When $\Delta P$ ≥ 0, it indicates that the work performed by the impeller on the fluid is less than or equal to the downstream static pressure of the flow channel, unable to overcome the static pressure. Consequently, fluid microcosms in the flow channel experience deceleration or come to a halt in the direction of flow. In the non-overlapping region of the impeller flow channel, severe gas–liquid separation occurs, leading to localized low pressure at gas cluster aggregation points. The motion speed of gas bubbles is further reduced, resulting in an increase in the volume of gas clusters in these areas.

Due to insufficient confinement of fluid by the interphase shear flow induction and non-coincident area between the impeller and blades, significant axial vortices are formed at this location, as shown in Figure 12①. The vortices occur in two locations: one at the hub of the pressure surface, where bubbles initially aggregate and combine in the non-coincident area of the blade, and the other at the hub near the trailing edge of the blade on the suction surface side, as shown in Figure 13. The rotational motion of the axial vortices around the exit area of the impeller flow passage intensifies the phase separation of the gas–liquid two-phase flow, accelerating the movement of liquid from the bubble vortex towards the impeller periphery.
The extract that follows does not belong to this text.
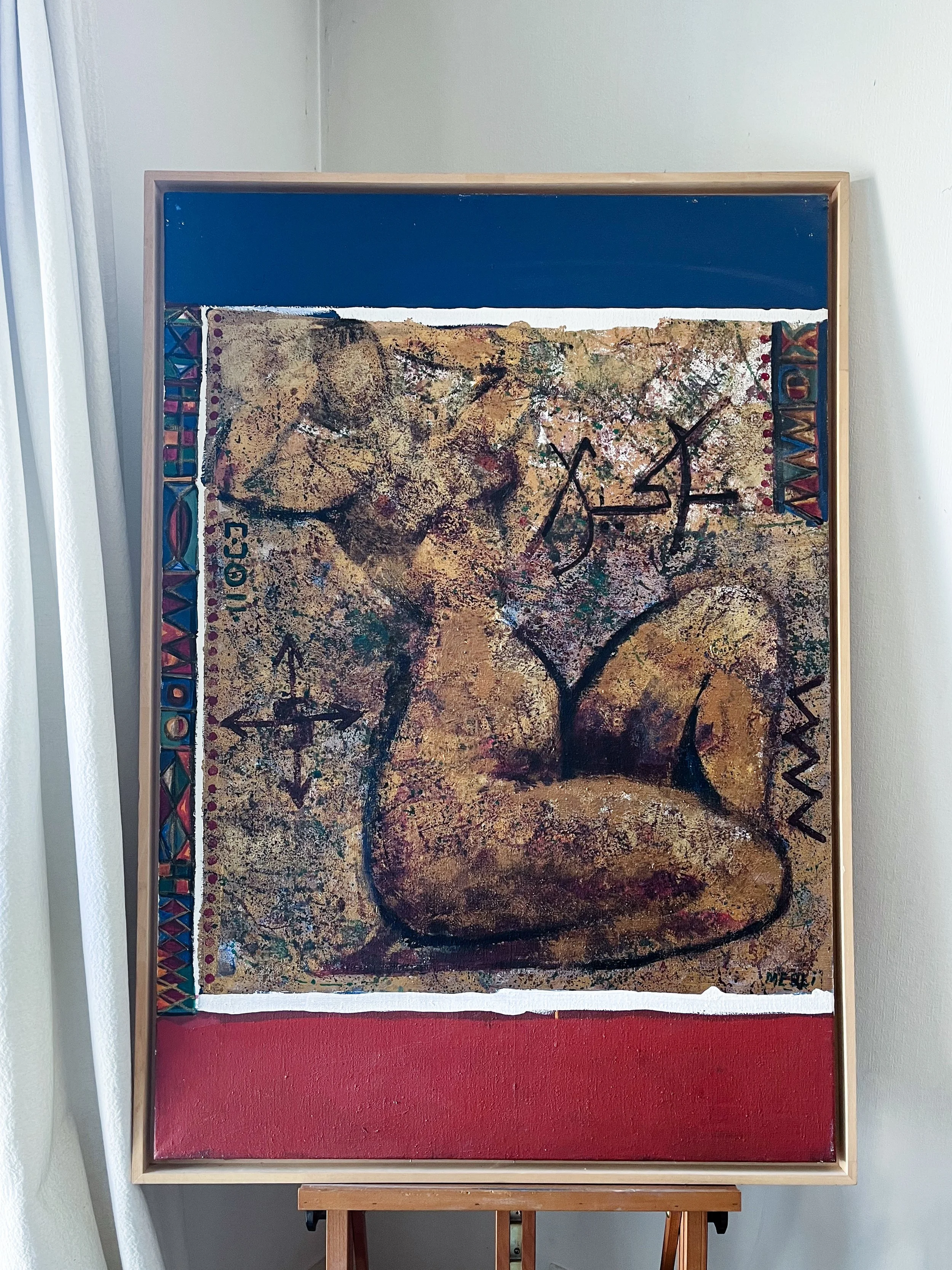 Mesli’s love for Algeria materializes through a stylized and overtly sensuous female figure (Fig. 4). How can we identify her? Her form is shapely, her legs long and tapering; she boasts a cinched waist and brawny thighs that contrast dramatically with her thin, wilted head. She is undaunted. She is at times named after localities, such as Tlemcen (Fig. 5), a city in northwestern Algeria and the birthplace of Mesli, or the light that irradiates the colors of the capital, such as Algiers’ Sun; at other times, she stands for the legendary Tin Hinan, the ancestor queen of Amazigh peoples. This leitmotif, present since the 1960s, marks a dual departure—philosophical and stylistic—from the Paris school that initially shaped Mesli’s artistic sensibility and illustrates how the artist sought to reclaim and reinhabit a storied landscape. In this sense, the Meslinian female figure appears to us as a homecoming, a symbolic embodiment of Algeria itself.

The bubbles accumulating at the impeller hub continuously increase, eventually reaching a dynamic balance, with bubbles continuously supplementing and releasing from the bubble cluster. The presence of the bubble vortex makes it difficult for bubble clusters to be transported out of the impeller. The flow passage at the impeller hub narrows, is deformed, or becomes blocked, whereas the flow passage away from the hub is less prone to blockage due to the strong functional force of the impeller and the high density of the mixed-fluid medium. Eventually, the impeller periphery and hub form two-phase separated states, predominantly consisting of pure liquid-phase medium and pure gas-phase medium, respectively.

4. Conclusions

Through the above studies, the mechanism of gas blockage in the impeller passage of the gas–liquid mixed transportation pump can be summarized as follows:

(1) The phase separation of gas and liquid in the impeller passage of the gas–liquid mixed transportation pump causes bubbles and liquid to move towards the hub and shroud the sides of the impeller, respectively. Bubbles gradually gather and combine at the hub of the impeller passage to form relatively large gas clusters, providing the first condition for cluster blockage.

(2) Due to the intensified phase separation of gas and liquid in the tail section of the impeller passage of the gas–liquid mixed transportation pump, the pressure on the liquid-phase accumulation side of the blade trailing edge is much higher than the pressure on the gas-phase accumulation side on the other side, forming a phenomenon of an overpressure gradient in the adjacent flow passage of the gas phase, providing the second condition for cluster blockage.

(3) At the same impeller speed, the work performed by the impeller on the gas cluster is not enough to overcome the reverse pressure gradient generated by the liquid-phase accumulation in the adjacent flow passage of the blade trailing edge, preventing the gas cluster from flowing out of the flow passage. This leads to the formation of shear flow between the gas cluster and the fluid, with a higher volume fraction of the liquid phase at the outer edge of the gas cluster, gradually forming a dynamically balanced vortex gas cluster near the outlet of the passage and blocking the flow passage.

To sum up, the difference in gas–liquid two-phase density and the adverse pressure gradient in the pipeline are the important reasons for the formation of gas blockage in the gas–liquid mixed transport system. These factors affect the distribution and flow characteristics of the gas–liquid two phases in the pipeline. In practical engineering applications, this phenomenon will be more obvious, so it is very important to study and eliminate the gas blocking phenomenon caused by gas–liquid mixed transport.